EXERCISE ▸ In this exercise, print only the lines from the line with "La nouvelle équipe" to the last line of the data below, inclusive. Any pictures should be left out.

Extracted data entries ▸
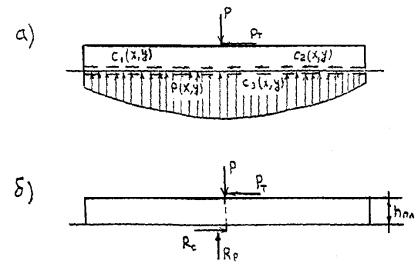 Третье условие статики (сумма моментов всех сил относительно края плиты должна быть равна нулю) соблюдается, если внешний изгибающий момент, образованный парой сил PT и RC, компенсируется моментом сил P и Rp, что возможно только при смещении равнодействующей вертикальной реакции Rp по оси абсцисс (рис. 1.б). Рис. 1.а, б. Расчетная схема плиты на упругом основании под действием заторможенного (блокированного без проскальзывания) колеса автомобиля (а) и эквивалентная схема (б). Для введения в расчет некоторого тормозного усилия необходимо произвести преобразование исходной расчетной схемы таким образом, чтобы, изменив сочетания прикладываемой внешней нагрузки, сохранить неизменной вертикальную реакцию упругого основания, т.е. P(x, y) = const. Равнодействующая горизонтальной реакции основания RC и тормозное усилие PT образуют пару сил с плечом равным толщине плиты hпл., которую можно заменить эквивалентным изгибающим моментом M (рис 2.а). Изгибающий момент M можно заменить фиктивной парой сил P1 и P2 равных между собой по модулю, противоположно направленных и действующих в вертикальной плоскости (рис. 2.б). Рис. 2.а, б. Фиктивные расчетные схемы плиты на упругом основании для определения внутренних усилий от воздействия вертикальной и горизонтальной нагрузок в местах усиленного влияния транспортных нагрузок. Таким образом, условием эквивалентности исходной и конечной расчетных схем является равенство изгибающих моментов, т.е. M = PThпл и M = P12Δx, где /P1/ = /P2/, PT = φP, в итоге получаем
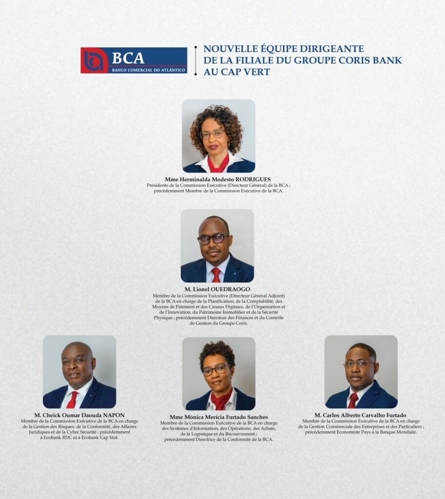 La nouvelle équipe comprend également Cheick Oumar Daouda Napon, chargé des risques, de la conformité, des affaires juridiques et de la cybersécurité, Mónica Merícia Furtado Sanches, responsable des systèmes d’information, des opérations et de la logistique, ainsi que Carlos Alberto Carvalho Furtado, chargé de la gestion commerciale des entreprises et des particuliers.
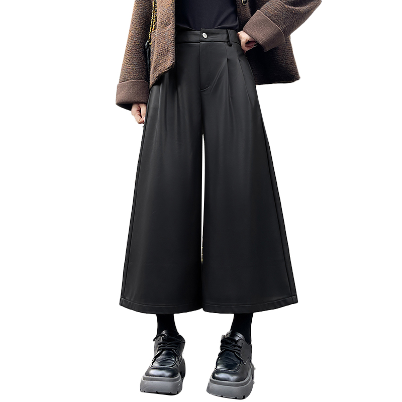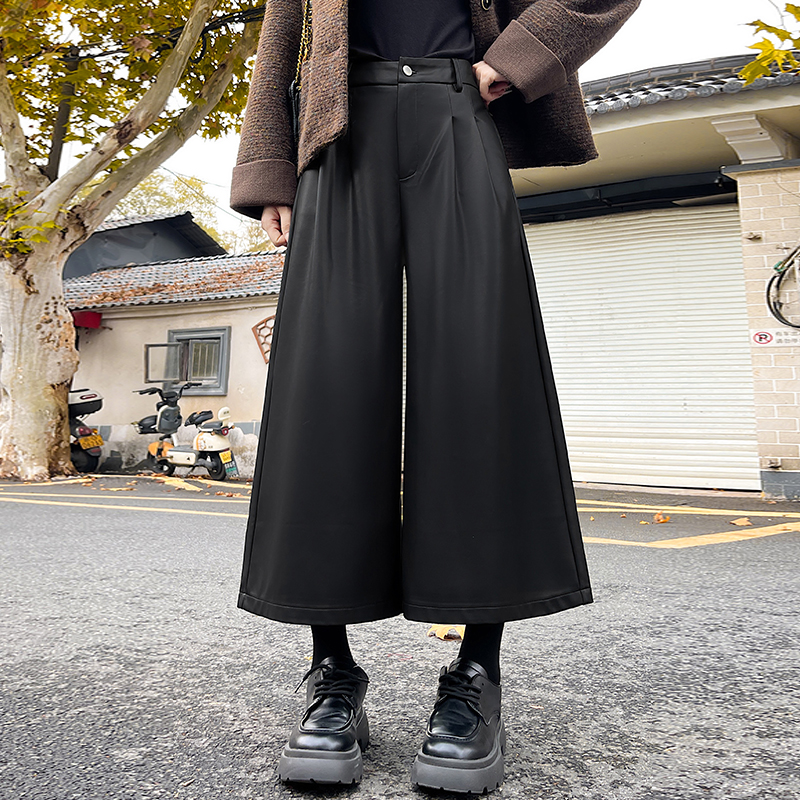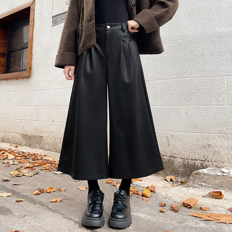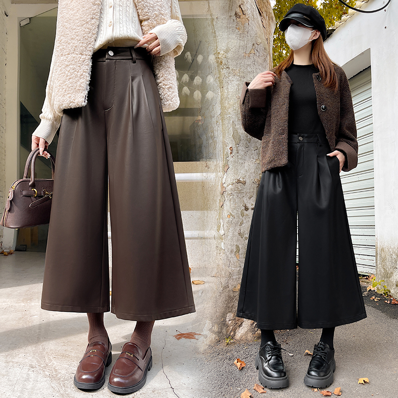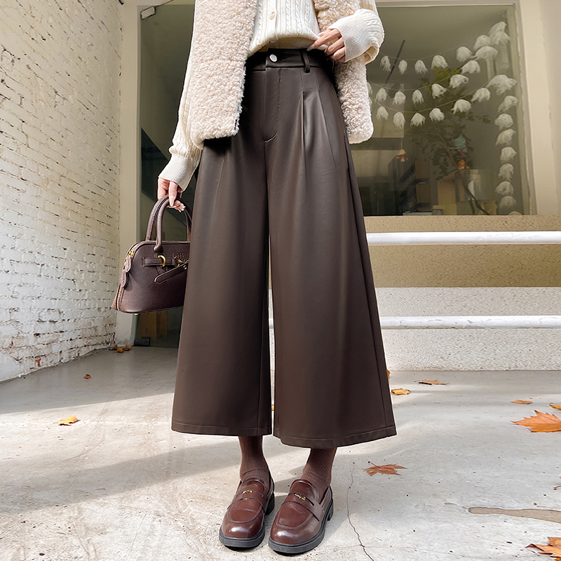 FA53988# 好质量咖色PU皮裤阔腿裤女秋冬小个子直筒弯刀七八分裤 服裝批發女裝批發服飾貨源
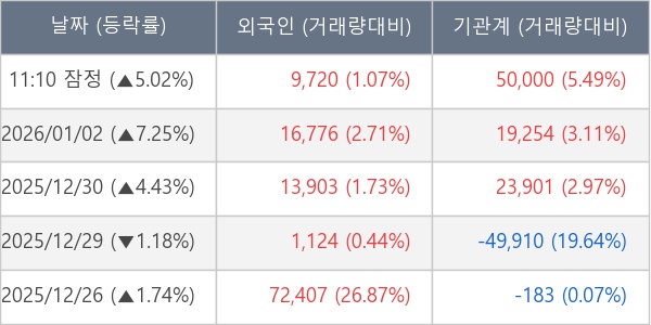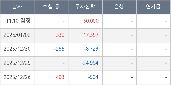 [표] 주요 기관별 순매매량 (단위 주)
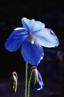 the rare blue Himalayan poppies (Meconopsis sp.) growing along the walkway

WRITTEN RESPONSE ▸
 La nouvelle équipe comprend également Cheick Oumar Daouda Napon, chargé des risques, de la conformité, des affaires juridiques et de la cybersécurité, Mónica Merícia Furtado Sanches, responsable des systèmes d’information, des opérations et de la logistique, ainsi que Carlos Alberto Carvalho Furtado, chargé de la gestion commerciale des entreprises et des particuliers.
 FA53988# 好质量咖色PU皮裤阔腿裤女秋冬小个子直筒弯刀七八分裤 服裝批發女裝批發服飾貨源
 [표] 주요 기관별 순매매량 (단위 주)
 the rare blue Himalayan poppies (Meconopsis sp.) growing along the walkway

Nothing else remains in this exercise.